Maybe some of you can relate.
As the day went on my already scratchy voice became all but inaudible. I was losing my voice the last two days of school and I felt that I couldn’t call in sick because I had already asked for two days in order to fly home. At the same time, it’s impossible to teach with no voice. My broken record changed to: “recital then grocery store and what can I do for my voice then get Marco from the station and what am I going to do if it doesn’t get better by tomorrow then cook then make a tea and magically have a voice again then…”
By the time I got home I was even more anxious and in pain. From there, it only took a second to pick a fight with Marco.
Of course I’m defending myself, it’s only human nature and hey, it’s my blog. But there’s more to it than that. If I want to defend myself then I think I have to admit the truth: Everything is marked by my dad’s death, including birthdays.
My birthday was two months to the day since he has passed. It’s my first birthday without him. Just like it was my first Thanksgiving without him and the first time I Skyped with mom knowing he wasn’t there and the first time of everything without him.
When I first came back from America after his funeral this October, I gave a wane smile to the teachers who asked how I was doing. “Fine, fine. We’re all fine,” I’d say. “I’m thankful I was able to go home.” It seemed to work as an acceptable response, until another expat teacher looked me in the eye and said, “Yes, but be sure to give yourself time to grieve. Sometimes being so far away can make it seem less real.” I avoided her gaze.
The truth is, I don’t feel strong enough to “grieve” right now. If I think about it I cry. So I try not to think about it as much as possible. My colleague was right, being so far away makes it easy for me to go on with my life as if nothing has changed. I’ve been far away from my parents for three years and on my own for four years before that as well. Maybe it’s the same as always. I can ignore it. I can avoid it. I can push any and all grieving to the side.

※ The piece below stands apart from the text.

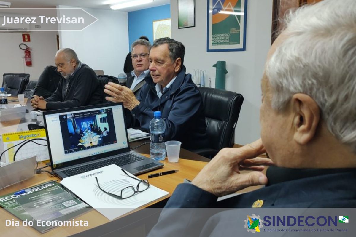 No Dia do Economista, durante uma plenária na sede do Corecon PR, realizada em 13 de agosto de 2024, o presidente do Sindecon- PR, Juarez Trevisan compartilhou sua inspiradora história de vida e seu desenvolvimento como profissional. Ele destacou sua paixão pela economia, refletindo sobre as experiências que moldaram sua trajetória e a importância da profissão para o crescimento e desenvolvimento da sociedade. Trevisan também enfatizou o papel do economista na construção de políticas públicas e no enfrentamento dos desafios econômicos atuais.

But with my trip to America looming, I felt the noose tightening. I’d be home for Christmas, but I’d be home without him. On a holiday that celebrates family togetherness more than anything, it will be impossible to push aside my sadness. It will be impossible to try not to remember that my dad is no longer with us. As overjoyed as I am at going home, I am also slightly dreading it. It hurts to grieve, and now I’ll no longer be able to push it off.
The Internet tells me that the five stages of grief are denial, anger, bargaining, depression and acceptance. Maybe that’s true, but at any given moment I feel a mixture of all five emotions. Forced denial and an excess of anger. An overwhelming desire to never leave the house again and a calm delivery of sentences in the past tense regarding my father. My dad is dead and I’m fucking pissed off.
The Internet also says, “Our grief is as individual as our lives.”
I’m sure that’s true, I’m just sorry that this time my grief came out so ugly. The day after my birthday I woke up completely mute. I had lost my voice entirely and definitely couldn’t teach. Even more stressed, it also forced me to slow down. It gave me time to realize what the scene I made the night before truly stemmed from. Losing my voice was out of my control. In a way, so is my grief.
So my grief ruined my birthday – I ruined my own birthday – but I don’t need to let it ruin my Christmas home.
My dad was king of idiomatic expressions, but there’s one classic dad-saying that always got straight to the point:
“It doesn’t cost a penny to be nice.”
As I fight through my grief this Christmas season, that’s the one I’ll try to keep in mind.